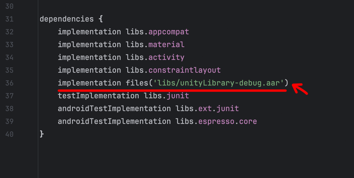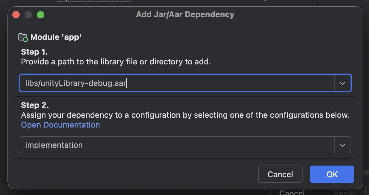 unityLibrary-debug.aar파일이 추가된 것을 확인했다면 OK를 눌러서 완료합니다.
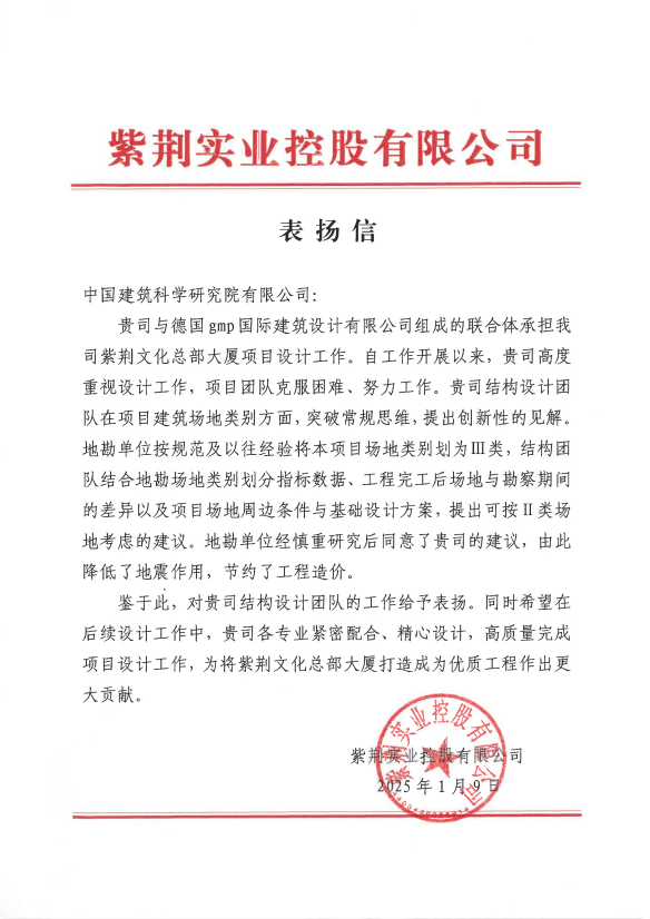 1月9日,中國建研院深圳分公司收到紫荊實業(yè)控股有限公司發(fā)來的表揚信,對中國建研院深圳分公司紫荊文化總部大廈項目設(shè)計團隊的工作給予充分肯定。
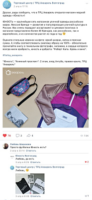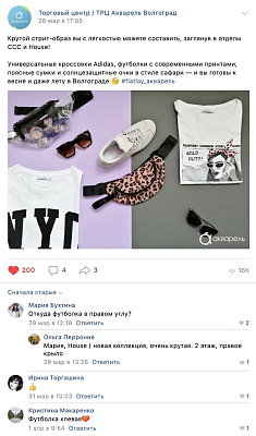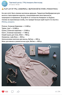 На страницах официальных соцсетей ТРЦ Акварель Волгоград регулярно публикуются подборки с использованием одежды и аксессуаров арендаторов ТРЦ с акцентом на недавно открывшиеся магазины. Вся одежда и акссесуары собираются во флетлеи и фотографируются на территории ТРЦ, то есть контент уникальный. Образы выкладываются в официальных группах ТРЦ с практичными комментариями стилистов и подробным классификатором самых необходимых и модных предметов гардероба с указанием, где купить в ТРЦ Акварель.<br>
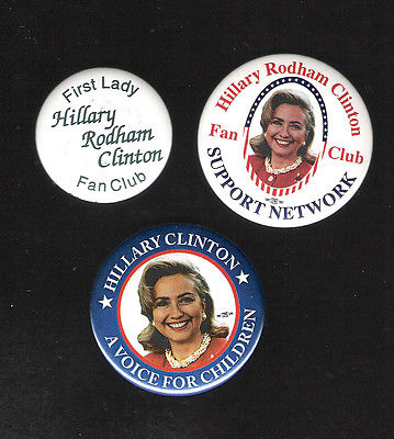 Title (ebay affiliate link): 3 different early HILLARY CLINTON Fan Club related buttons First Lady
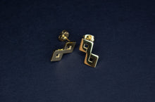 Clip-on version features a dangle version of the same stud earring design, with a gold plated brass ear clip.

+-------+

_EXERCISE PROMPT_. Return exactly the lines from the line with "Title (ebay affiliate" through the last line of the data above, both included; pictures do not go in the answer.

_TASK SOLUTION_.
 Title (ebay affiliate link): 3 different early HILLARY CLINTON Fan Club related buttons First Lady
 Clip-on version features a dangle version of the same stud earring design, with a gold plated brass ear clip.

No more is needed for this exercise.